Hi, everyone. It’s my first time to use Pytorch for my project. When I start to train my network, an error occurred:

RuntimeError: Trying to backward through the graph a second time, but the buffers have already been freed. Specify retain_graph=True when calling backward the first time.

I wander that my customized loss module caused this error.
My network has 4 stacks and each stack tries to predict the same target of different scales, just like:

pred: list of tensors [(nstack, bacth, C, H1, W1), (nstack, bacth, C, H2, W2), (nstack, bacth, C, H2, W2)]
target: tensor (stack, batch, C, H, W)

I rescale the target tensor and calculate each scale and each stack losses.
Can I just calculate the loss of predicted tensors with the same target tensors, or need I repeat the target tensor for nstack times and then calculate the loss?
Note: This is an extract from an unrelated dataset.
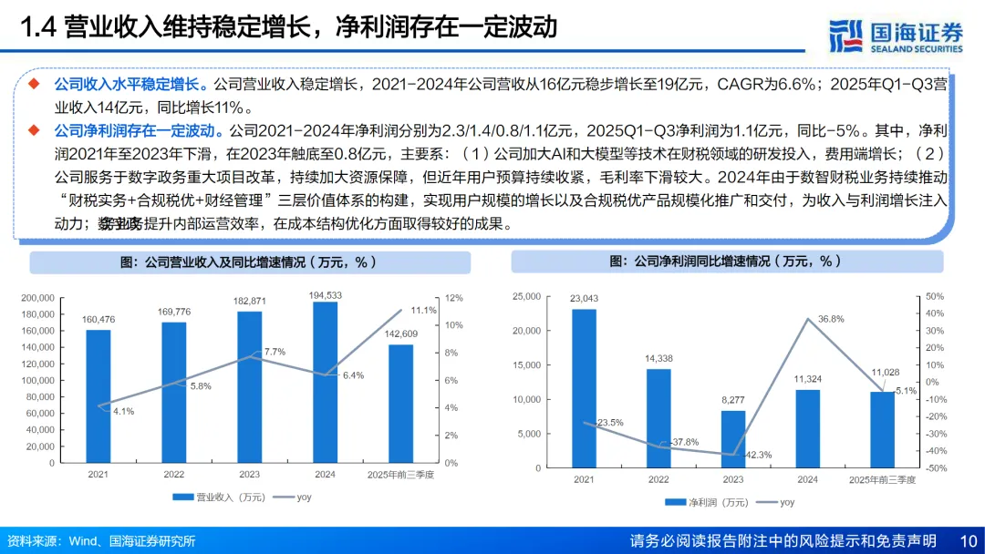 本篇行业报告可以通过扫下方知识星球下载。39元就可以下载星球所有报告。免费提供报告查找服务。税友股份,作为国内财税AI+SaaS的龙头企业,凭借二十余年的税务领域深耕经验,正迎来新的增长机遇。公司在G端业务上有着深厚的积累,深度参与了金税三期、四期等国家级项目,而在B端业务上,税友股份通过打造犀友财税垂域人工智能平台,实现了AI与财税服务的深度融合,引领智慧财税的新潮流。公司的核心逻辑在于其在TO G业务上的稳固地位和TO B业务上的创新推进。在G端,税友股份自2002年推出省级集中处理模式的软件产品以来,一直服务于税务系统的数字化转型。而在B端,公司于2024年推出的“犀友”大模型算法,标志着其在“AI+财税”数智化进程中的深入布局。税友股份的B端业务表现亮眼,截至2025年上半年,平台活跃企业用户达到1180万户,较年初增长10.28%,付费企业用户778万户,较年初增长10.04%。公司的AI Agent技术显著提高了财税处理效率,降低了幻觉率,提升了实操效率,同时降低了人力成本。据《聚焦财税场景的AIBM生态服务行业白皮书》预测,到2028年,国内财税AIBM生态服务行业市场规模将达到3907.3亿元,显示出巨大的市场潜力。政策的持续推进也为公司的G端业务提供了稳定的增长动力。金税一到四期的演变,使得税务数字化转型成为必然趋势,税友股份凭借其AI+数字政务的产品优势,持续中标税务局项目,卡位清晰。盈利预测方面,预计2025-2027年公司营业收入分别为22.56亿、29.24亿、34.93亿元,归母净利润分别为1.75亿、3.63亿、5.59亿元,维持“增持”评级。然而,公司也面临着股价波动、税收政策变化、网络安全风险、高端人才竞争以及国家政府财政预算收紧等风险。总体来看,税友股份在财税数字化的大潮中,凭借其在AI+SaaS领域的深耕和创新,正开启新的增长空间,为投资者提供了一个值得关注的机会。免责声明:以上分享报告为公开合法渠道获得,内容大部分来源于网络,版权归原作者所有,如有侵权,请及时与我们联系,我们将第一时间保障您的权益。推荐内容仅供参考学习,不构成投资建议。
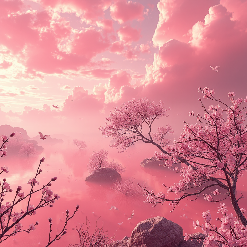 A surreal pink landscape enveloped in a rich tapestry of pink hues, featuring dramatic atmospheric lighting that cascades through the scene. The setting evokes a dreamlike quality with the sky reflecting shades of rose and blush, reminiscent of the stunning visuals found in the works of Makoto Shinkai, Stanley Artgerm Lau, WLOP, and Ross Draws. The environment is bathed in a soft, ethereal light, casting gentle shadows and creating a harmonious blend of warm pink tones. Intricate details adorn the scene, with delicate pink blossoms scattered throughout and a tranquil pink-hued body of water that mirrors the sky's brilliance. The composition maintains a perfect balance, capturing the enchanting essence of a world washed in pink.

Here is my forward method in my network module:

    def forward(self, imgs):
        # Input Tensor: a batch of images within [0,1], shape=(N, H, W, C). Pre-processing was done in data generator
        x = imgs.permute(0, 3, 1, 2)  # Permute the dimensions of images to (N, C, H, W)
        x = self.pre(x)
        pred = []
        # loop over stack

        for i in range(self.nstack):
            preds_instack = []
            # return 5 scales of feature maps
            hourglass_feature = self.hourglass[i](x)

            features_instack = self.features[i](hourglass_feature)

            for j in range(5):  # handle 5 scales of heatmaps
                if i != self.nstack - 1:
                    if j == 0:
                        x = x + self.merge_preds[i][j](preds_instack[j]) + self.merge_features[i][j](

        # returned list shape: [nstack * [128*128, 64*64, 32*32, 16*16, 8*8]]
        return pred